Mains were 5-spice pork spare ribs, chicken in oyster sauce, and jumbo crab (shelled) in garlic sauce. We and the server forgot we also wanted Sichuan fish.

Accompaniments were 3 flavor noodles and egg fried rice

Dessert was chocolate birthday cake, toffee banana fritters, date pancakes, and 2 kinds of ice cream, plus a few nightcaps.

9 Likes

SEA LOUNGE again.

Some of their classic snacks and cocktails this time.

Chilli cheese toast, Sev puri, an a few rounds of very well-made drinks.

10 Likes

TIBBS FRANKIE

Kolkata has kathi rolls, Mumbai has Frankies.
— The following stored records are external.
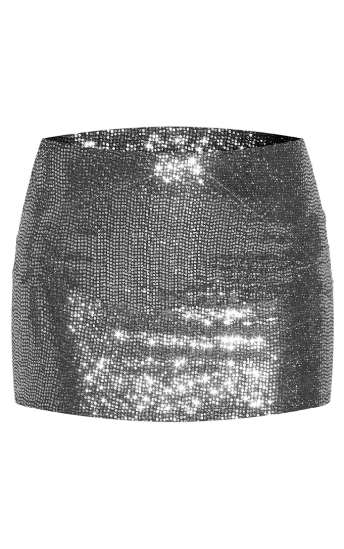 Bring all the glam vibes to your weekend wardrobe with this black sequin low rise micro mini skirt, get ready to have all eyes on you. Made using a black sequin material with a low rise design and a micro mini length, this skirt will have you showing off your confident side. Team this mini skirt with the matching top and elevate the look further with clear slip-on heels and a statement bag.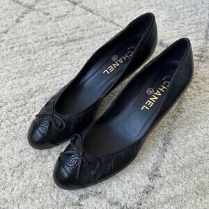 CHANEL Navy & Black Leather CC Logo Cap Toe Pumps IT 37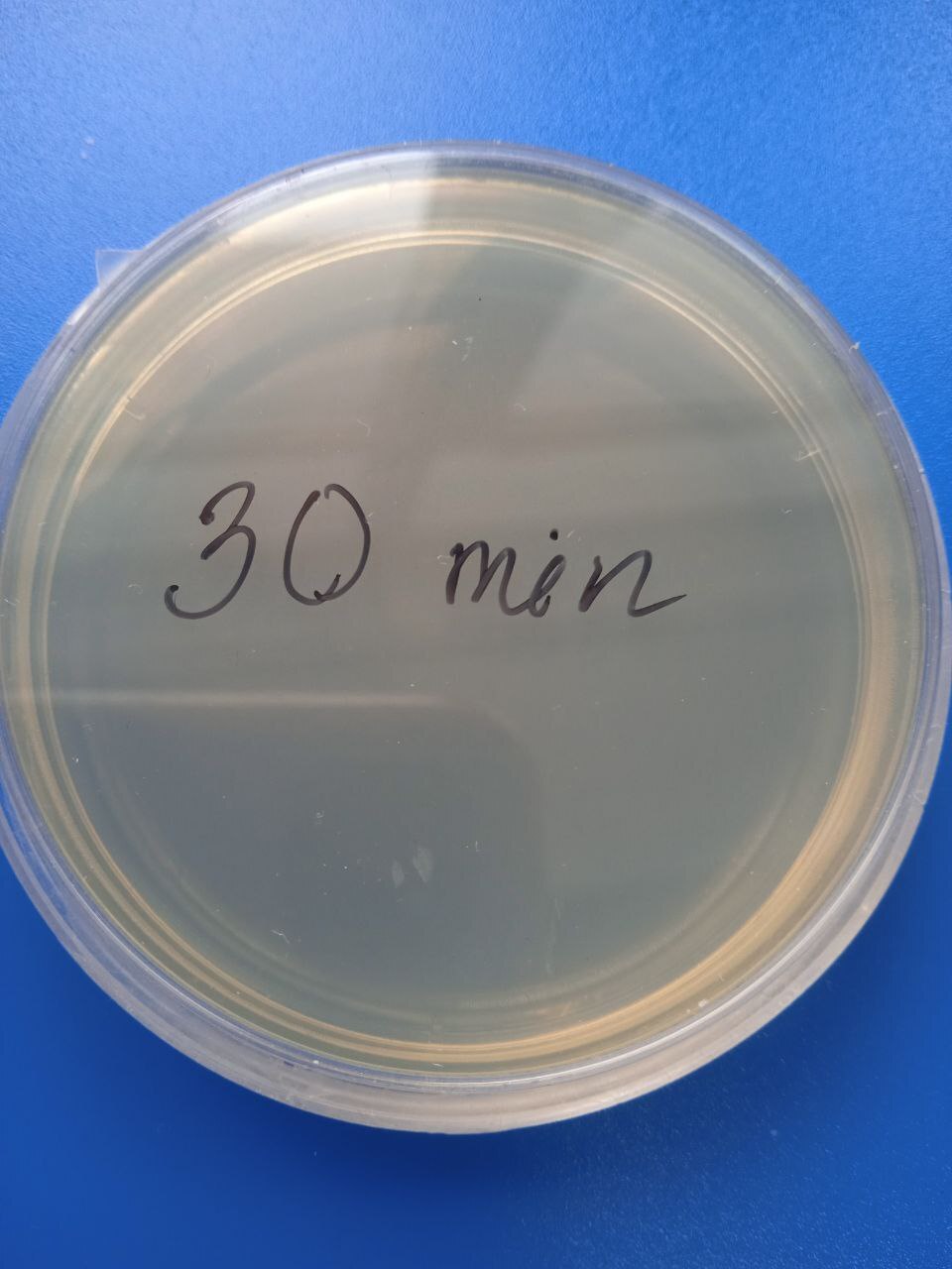 На самом деле я ожидала подобного результата, потому что стандартное время стерилизации ламинара после работы именно 30 минут. Укорачивать время стерилизации не рекомендуется, и данный эксперимент наглядно показывает, почему)

I will take on a frankie vs kathi roll argument any day, but I will also happily eat both!

Meat or paneer or veggies that are specifically spiced and cooked, then rolled in a paratha that’s coated with egg on one side, plus minced onions, green chillies, and a final sprinkling of “Frankie masala”-- which is similar to chaat masala, but not the same.

The original Frankie is now called “Classic” and is a bit saucy. Now there are a few other types – Szechuan, Tawa, and Tikka. Proteins are cicken, mutton (goat), paneer, and veggies. It’s also possible to get just the egg paratha with spices, and that’s delicious too.

I always default to Classic, because it’s the nostalgic flavor profile I crave. Others had Tawa and Szechuan. I got a Tikka as my second roll, but wasn’t hungry enough for two tonight.

12 Likes

I’d be all over that chili cheese toast, along with a few of the drinks.